Потом, словно их осыпали волшебной пыльцой феи, ноги мои ощутили ритм. И мы с графиней раскачивались в такт, напевая мелодию, и шаг за шагом выскользнули в холл со сводчатыми потолками.

– Вальсируй, Сильви!

Я дала себе волю и заскользила по отполированным полам. Ой-ей. Появилась миссис Наджент: ее ноги неодобрительно цокали по паркету. В глазах ее читалась тревога, словно мы пустились в загул в опиумном притоне, а не танцевали под воображаемую мелодию.

– У нас урок танцев! – прокричала Инга.

– Вижу, – ледяным тоном протянула экономка.

– Присоединяйтесь, миссис Наджент! – пропела Инга.

Экономка откинула голову. При виде ее возмущенно вытянувшегося лица мы прыснули со смеху. Когда она отвернулась, мы втянули губы, изобразив рыбий рот. Она обернулась и уставилась на нас. Кажется, она заметила мою гримасу. Ей же хуже, мне все равно. Мы с Ингой провальсировали назад в оранжерею, не переставая хохотать. И упали на кушетку, хватаясь за бока.

– Сильви, ange, ты танцуешь как цирковой слон.

– Я нескладеха.

– Не-скла-деха, – протянула она. – Что значит «нескладеха»? Неважно. Ты становишься перышком в руках мужчины, а он вращает тебя, словно ты невесомый призрак.

– Может, я и вправду буду для них призраком, невидимкой, – заметила я.

– Хм, я так не думаю. Здесь, в американских горах, ты можешь стать кем хочешь, да? Я графиня, месье Джерри Паджетт из Ричмонда, Виргиния, – герцог. Кем желаешь стать? Просто скажи, et voilà, оно исполнится.

Кем я хотела стать? Возможностей было не так уж много.

– Нельзя просто пожелать чего-то и получить, – сказала я Инге. – Нельзя просто решить, кем быть…

– Разве? – Инга ухватила пальцами локон моих волос и задумчиво теребила его. – Шесть лет назад я загадала желание.
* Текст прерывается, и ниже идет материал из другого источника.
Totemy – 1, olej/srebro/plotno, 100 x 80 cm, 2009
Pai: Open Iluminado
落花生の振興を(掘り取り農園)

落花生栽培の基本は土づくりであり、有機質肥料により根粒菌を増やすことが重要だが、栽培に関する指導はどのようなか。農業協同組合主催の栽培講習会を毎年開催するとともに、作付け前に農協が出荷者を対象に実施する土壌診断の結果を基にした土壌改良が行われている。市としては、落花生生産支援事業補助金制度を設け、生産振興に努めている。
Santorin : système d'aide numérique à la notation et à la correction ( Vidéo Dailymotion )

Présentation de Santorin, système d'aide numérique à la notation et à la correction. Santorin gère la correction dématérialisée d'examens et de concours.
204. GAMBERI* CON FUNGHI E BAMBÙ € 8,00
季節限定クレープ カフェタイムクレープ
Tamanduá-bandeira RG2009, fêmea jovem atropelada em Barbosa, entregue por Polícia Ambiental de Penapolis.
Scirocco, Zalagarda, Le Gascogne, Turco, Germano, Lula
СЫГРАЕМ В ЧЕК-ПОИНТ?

И потом встретила Джерома Паджетта, мы танцевали вальс. Понимаешь теперь, Сильви, почему охотничий бал так важен? Приедут все сливки общества со своими деньгами. Сотня гостей. И джентльмены будут приглашать тебя на танец.
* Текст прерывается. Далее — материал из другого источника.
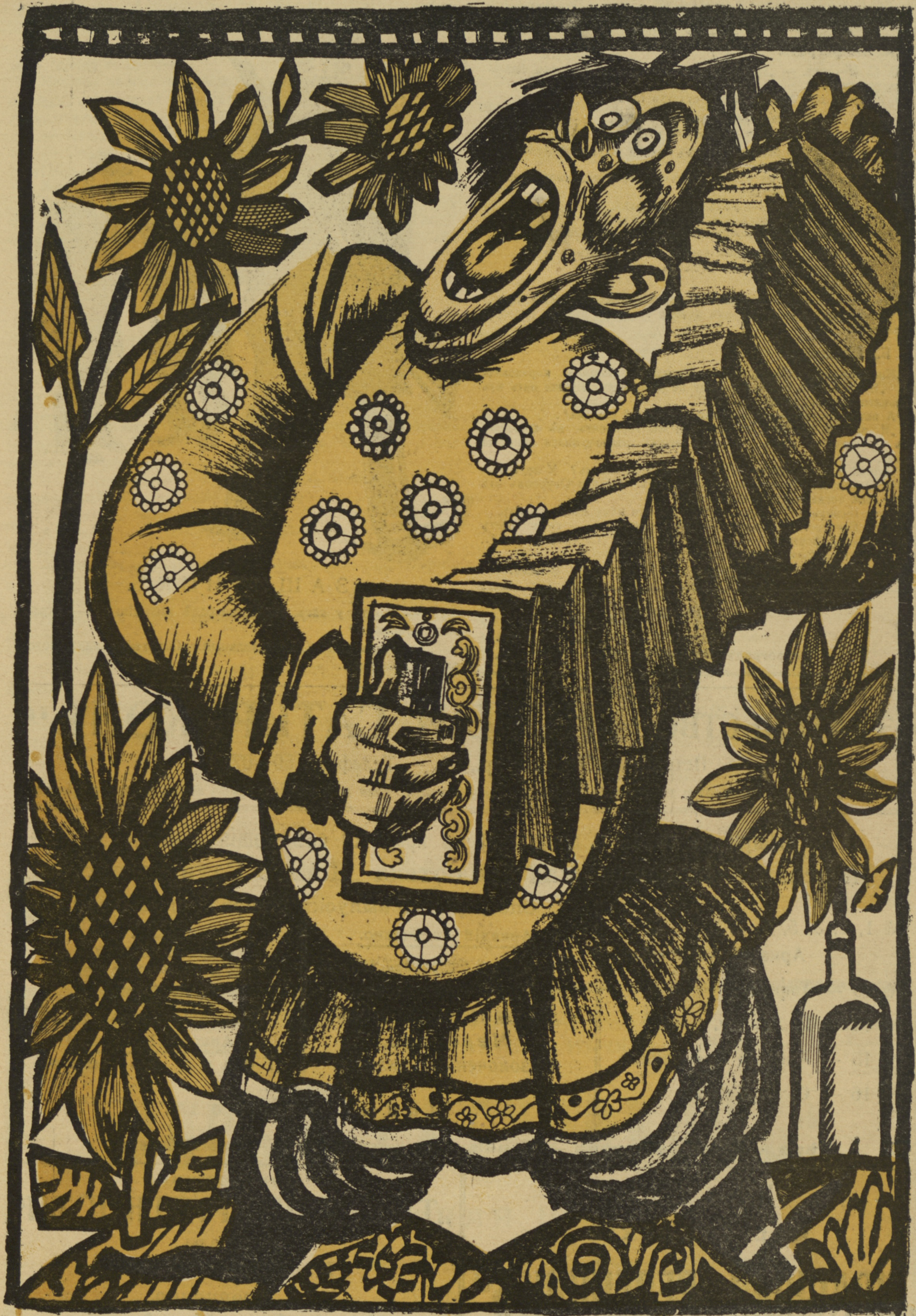
Наконецъ-то, въ російской революціи воцарилась гармонія!

– Не думаю, – попыталась я противиться заразившей меня надежде. Я знала лишь одного джентльмена, но Джейс не увлекался танцами. Станет ли он кружить меня в вальсе, если я превращусь в перышко в его руках?
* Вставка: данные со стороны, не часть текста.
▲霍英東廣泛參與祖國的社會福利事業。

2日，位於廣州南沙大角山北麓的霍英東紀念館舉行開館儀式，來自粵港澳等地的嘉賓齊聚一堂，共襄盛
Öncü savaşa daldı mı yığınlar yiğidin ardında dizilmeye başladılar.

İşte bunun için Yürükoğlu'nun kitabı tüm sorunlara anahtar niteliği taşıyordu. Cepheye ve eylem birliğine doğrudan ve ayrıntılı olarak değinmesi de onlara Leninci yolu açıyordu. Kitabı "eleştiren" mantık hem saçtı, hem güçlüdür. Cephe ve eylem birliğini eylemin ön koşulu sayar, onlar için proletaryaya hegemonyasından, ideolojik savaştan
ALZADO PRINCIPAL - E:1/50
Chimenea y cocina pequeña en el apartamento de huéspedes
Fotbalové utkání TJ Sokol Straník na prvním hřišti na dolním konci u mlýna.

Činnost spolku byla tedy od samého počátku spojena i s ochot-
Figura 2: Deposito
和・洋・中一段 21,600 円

– Конечно, пригласят, – заверила Инга. – Используй свой шанс, les opportunités.


Несколько дней я просидела за столом, печатая заметки с нашей вылазки и изучая отчет социологического отдела о городке Руби, который написала два года назад Адель. По предложению Инги я сохранила выдержки из текстов известного доктора Ричарда Корвина, основоположника движения по улучшению условий работы. Я отредактировала отдельные фрагменты его идей, совершая мелкие подрывные действия, словно местный агитатор.

ПРЕИМУЩЕСТВА ДЛЯ БИЗНЕСА

Отеческая забота компании и сыновняя услужливость и преданность работников будут способствовать спокойствию и держать подальше сброд от профсоюзов, защищая от социалистических веяний. Увеличатся прибыли. Мы не стремимся стать филантропами, только внедрять деловые идеалы как корпорация, у которой есть дух единства. Золотое правило братской любви является основой социальных улучшений во всех рабочих лагерях компании «Паджетт».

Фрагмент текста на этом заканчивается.